For most people outside of the world of graphic design, the term “desktop publishing” probably doesn’t mean much. If you’ve even heard the phrase in the first place, chances are you wrote it off as something that doesn’t concern you and likely never will. And most of the time, that’s true.
But that can all change when you contact a translation service provider for a quote, you send them a PDF, and they respond with the blood-chilling question, “Will you need desktop publishing?” [Cue the faint sound of screams and the Sesame Street Count laughing maniacally in the distance.]
What is Desktop Publishing?
At its most basic level, desktop publishing (commonly known as DTP) is the practice of laying out pages on a computer. Think of a typical brochure or a page from a magazine: there might be several columns and images; multiple fonts; and various other boxes, shapes, and icons that give the finished product its professional look.

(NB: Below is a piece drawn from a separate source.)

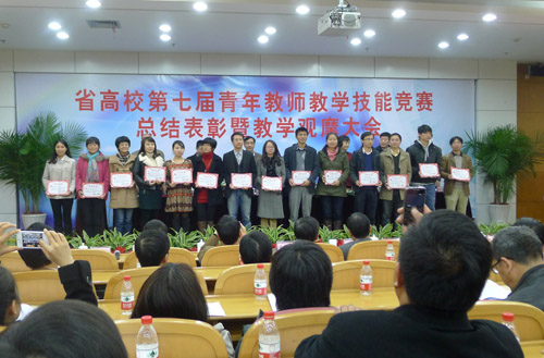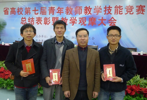 11月26日,在浙江省高校第七届青年教师教学技能比赛总结表彰暨教学观摩大会上,国产自拍 副教授骆均炎、语言文国产自拍 讲师林强、建工国产自拍 工程师张学文等3位教师获浙江省高校第七届青年教师教学技能比赛优秀奖。副校长赵东福、工会主席章浙根出席了会议。
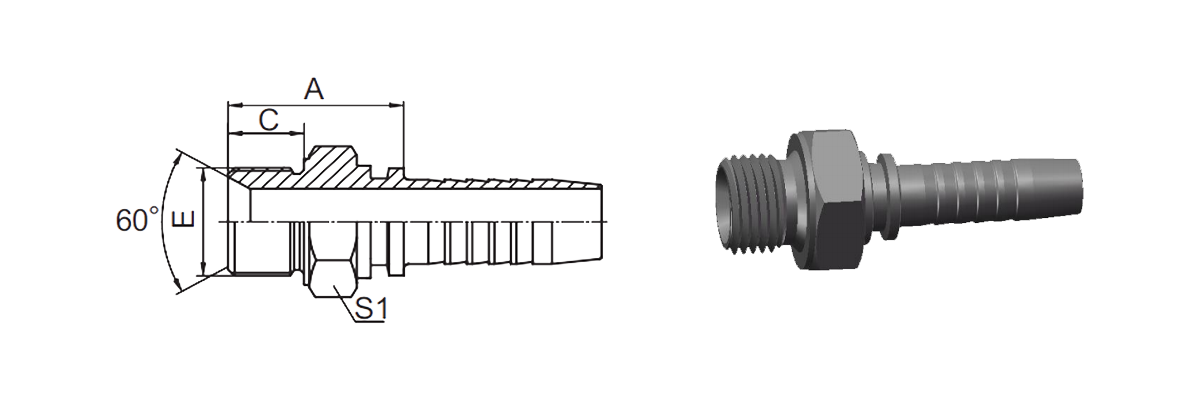 Home / Product / Standard Hose Fitting / Metric Standard Fitting / 10611 Metric Male Double Use For 60°Cone Seat Or Bonded Seal

DTP is usually performed using professional software like Adobe InDesign, FrameMaker, or QuarkXpress. Desktop publishing often overlaps with the even vaguer term “formatting,” which can also involve laying out pages in more common software like Microsoft Word or PowerPoint. A desktop publisher is the person who uses any of the above software to create layouts.
Do You Need Desktop Publishing?
By now you’re very, very fascinated, but what’s it got to do with your translation project?
Translating a document often involves more than just the act of translation. After all, once those words are done being translated, they have to go somewhere. In a basic Word file, the translator can typically just overwrite the source text with the translated text, and Bob’s your uncle. After all, everyone owns a copy of Word or other Word-compatible software.
But what if your file isn’t in Word — what if it’s in InDesign format? Most translators don’t work with InDesign or other DTP software. After all, they’re translators, not graphic designers, and those can be very different, specialized skill sets. So while a translator might translate the text in your InDesign file, you need a skilled desktop publisher to know how to place that text back in the file without ruining the layout.
The Dangers of Text Expansion
Further complicating things, a lot of languages tend to expand when you translate them — often by 20-30%. So while you might have 500 words of English text in your source file, that same paragraph in Spanish could end up being over 600 words. And if those original 500 words already took up an entire page in your InDesign file, trying to cram 100 extra words into that same space can present some challenges.
A good desktop publisher will know how to tweak the layout, typeface, font size, and various other factors to keep that text from running onto the next page and pushing both pages’ formatting into disarray.
Working from PDFs
Even when a desktop publisher has all the proper source files to work from — which, in the case of InDesign, also includes any fonts, links, and images that the main file references — DTP can be a pretty involved process. But what if you don’t have those source files in the first place? What if you only have a PDF?
In a perfect world, you’d always have access to the source files used to create that PDF. But in reality, things get lost. Maybe your company’s guide was designed by someone who’s no longer working there, and nobody knows what he or she did with the source files. Whatever the reason, all you have now is a PDF that you need translated, and PDFs by their nature aren’t designed to be editable.
Sometimes a PDF can be converted to an easy-to-use format like Word. There are plenty of software options that claim to excel at that, but in reality those conversions can look vastly inferior to the original PDF. And if you need a print-ready translation, that just won’t cut it. At the end of the day, Word just isn’t made to be a desktop publishing platform. For any sophisticated formatting, you need software like InDesign or FrameMaker that’s designed to handle such things.
Another option is to have a desktop publisher rebuild your source file in a format like InDesign, using your PDF as a reference, and then have that translated. That way you get a print-ready translation when you’re done as well as an editable, professionally laid out version of your source file. Of course, recreating a source file takes extra time, and because the world is round, more time means more money.
Desktop Publishing in the Translation Process
So the next time you need a document translated, think about whether you also need it desktop published. Maybe the layout isn’t important to you, in which case a translation company can often return a converted Word file or just the text itself in a spreadsheet without you incurring any DTP fees.
But if you do need your translation in a print-ready layout, or if you want your translation provider to work in specialized software like InDesign, you’ll probably need desktop publishing. Most translation companies are happy to provide quotes for such services, so don’t be afraid to ask — it’s the best way to ensure that your documents look as good as they read.